PROBLEM DESCRIPTION: For the records below, report how many lines include the word "lead". Only the number should appear.

Recorded data:
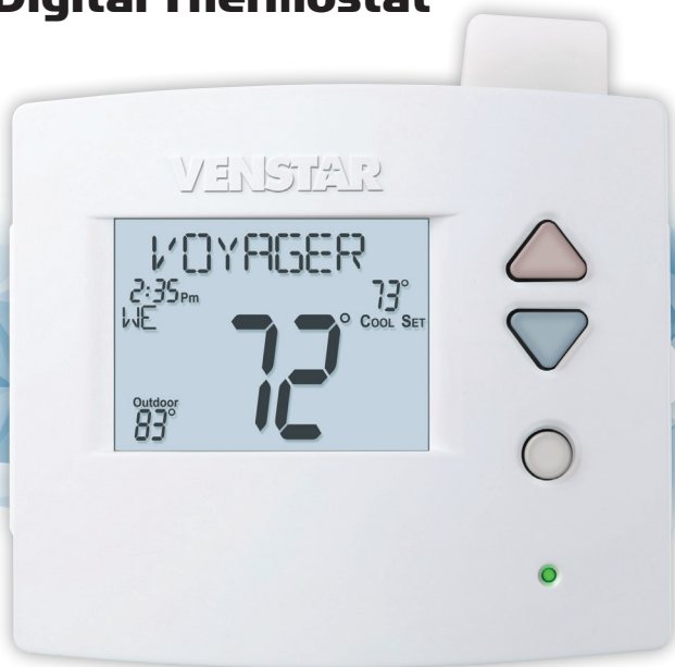
4.6" w x 5.2" h x 1.1" d

Accessories: ACC-0625 Lock Ring, ACC-0425 Wall Plate, and the wireless modules below.
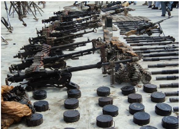
Large weapons cache in Kandahar city, confiscated by Afghan and coalition forces

There is also widespread abandoned and unexploded ordnance in the country; the most affected areas are eastern and southern Afghanistan, particularly Helmand and Kandahar provinces. In 2014, there were 1,296 deaths from mines, IEDs, and explosive remnants of war, though experts believe these numbers are underreported. 454
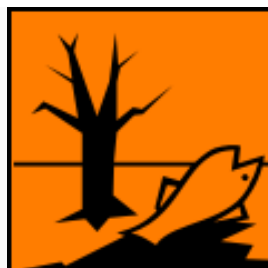
Dangerous for the environment (N)
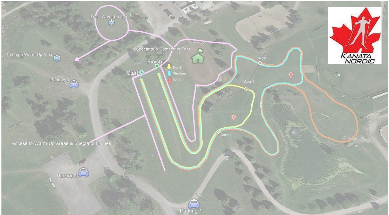
Map-1: Short (Yellow 450m), Medium (Blue 650m) & Long (Red 850m) prologue & sprint courses
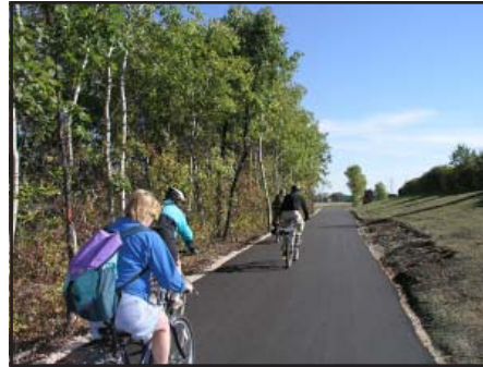
SEINE RIVER TO SHOREHILL DRIVE
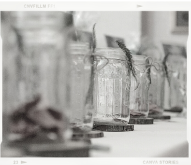
RAFFLE / AUCTION Raffle prizes, experiences, and auction of an individual's "story" for the show title
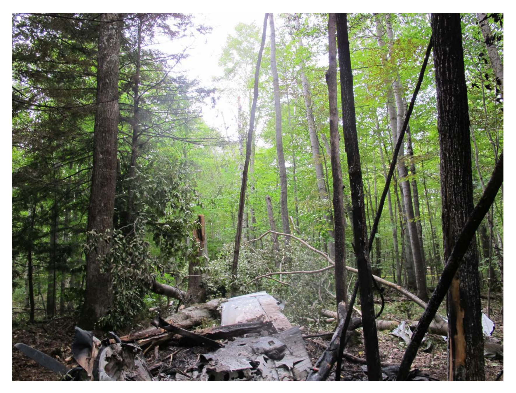
Photo \ 3-View \ of \ accident \ site \ looking \ back \ toward \ the \ airplane's \ descent \ through \ the \ trees
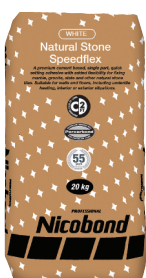
Nicobond Natural Stone Speedflex
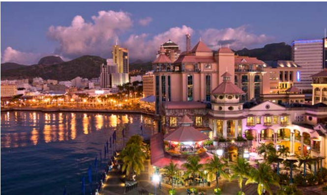
The country is home to a highly experienced financial center

The country has proved itself as a tried-and-tested, compliant and innovative hub for international financial services
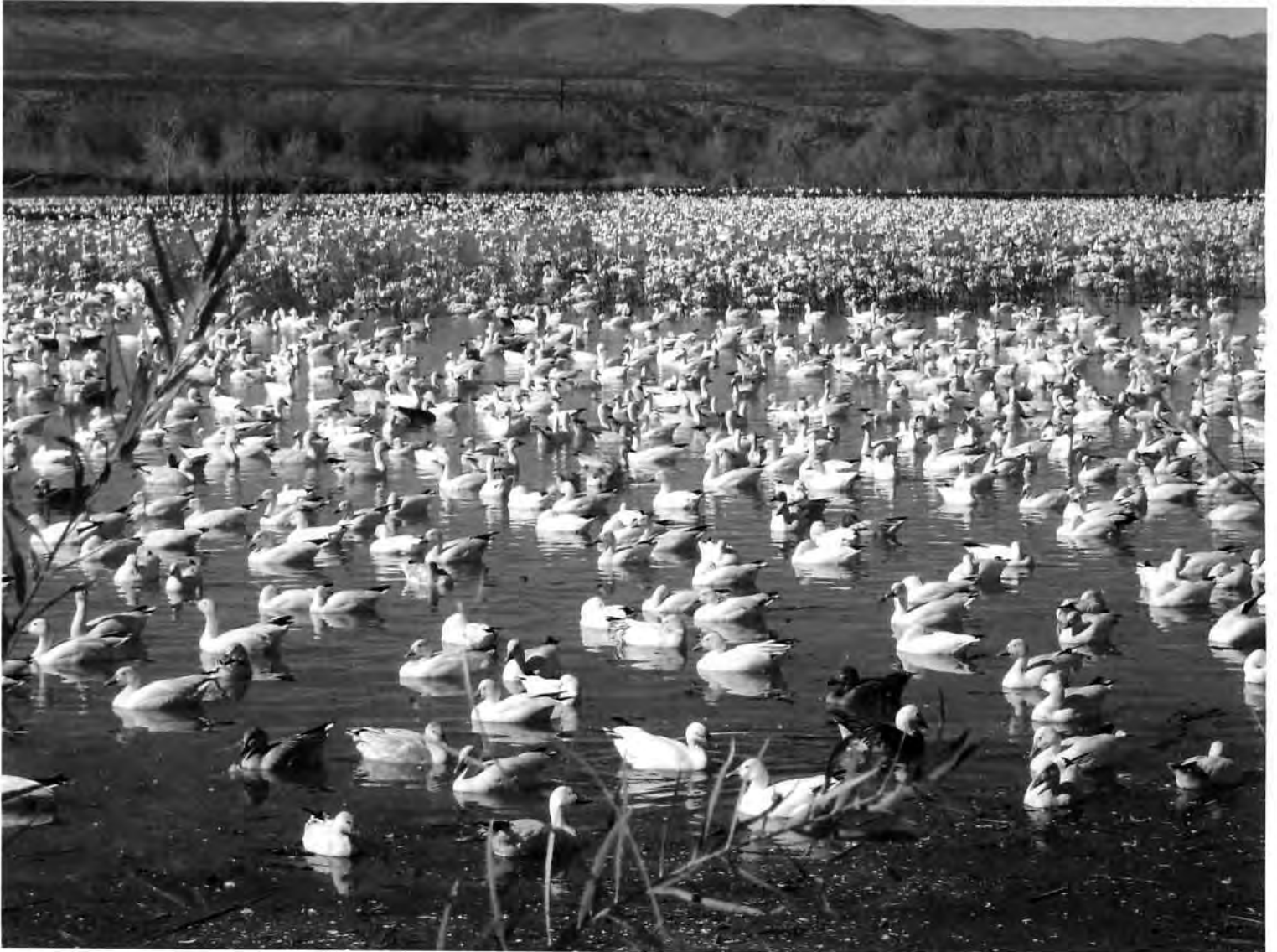
A carpet of snow geese cover a marsh area at Bosque del Apache National Wildlife Refuge.
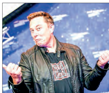
Elon Musk, known for his pioneering work in technology and space exploration, has agreed to lead the new Government Efficiency Commission to address financial inefficiencies in the federal government.

nounced plans to establish a Government Efficiency Commission, following Elon Musk's endorsement and agreement to lead the task force. The commission will conduct a comprehensive audit of the federal government to propose significant reforms. Trump highlighted the problem of improper and fraudulent payments, costing taxpayers hundreds of billions in 2022, and promised the commission will develop a plan to eliminate these payments, potentially saving trillions. — ANI
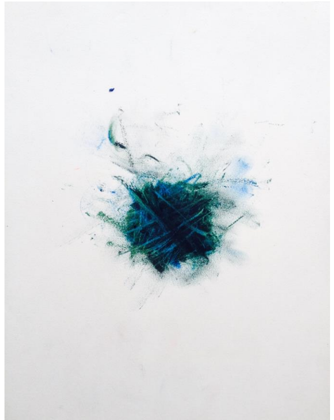
Figure 6. Holding the pain and sadness, Loss and grieving, oil pastel on paper.

Figure 6 was made following a session in which experiences of grief had been worked with sensitively, gradually working into a painful knot of conflicting feeling. This session touched the heart of the therapist as the specific loss being worked through in therapy connected with the therapist’s own experiences of loss. Holding and working with grief can be a gentle process and this image is a response to the compassion felt whilst hearing the helplessness of the client’s situation: “The grinding of the pastel into the paper produced an experience of sadness and stubbornness representing the on-going sense of holding the futility experienced when living through loss. Response art seems to help to hold the unbearable experiences disclosed by clients during my working day,” (transcript from research interview).
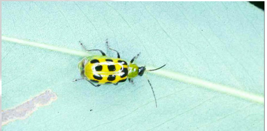
Spotted Cucumber Beetle
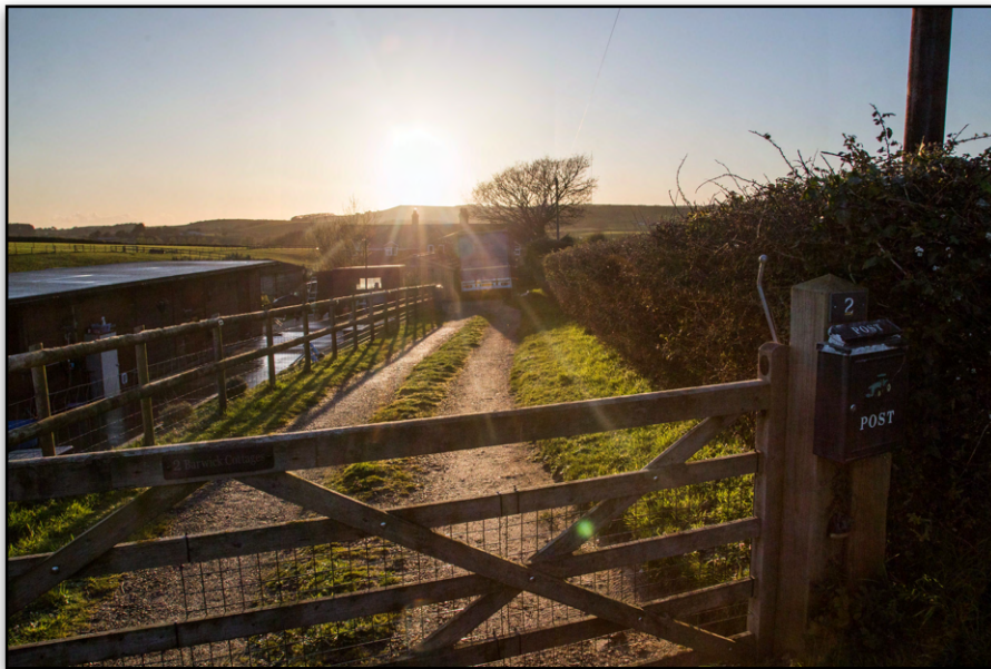
This is the view from the property entrance. The bridleway is to the right of the image separated by a pull in area in front of the gate. Even here the garage is barely visible and has no impact. To the left of the image are the established stables.

The garage cannot be seen from Niton Road and only comes into view when you have already travelled some distance easterly along the bridleway. However, a full view of the garage is not possible from the public area and what can be seen quickly disappears from view as you walk a short distance further (see images at the end of the document as this will also cover the Turnout Area in this context).

ANSWER BELOW: 2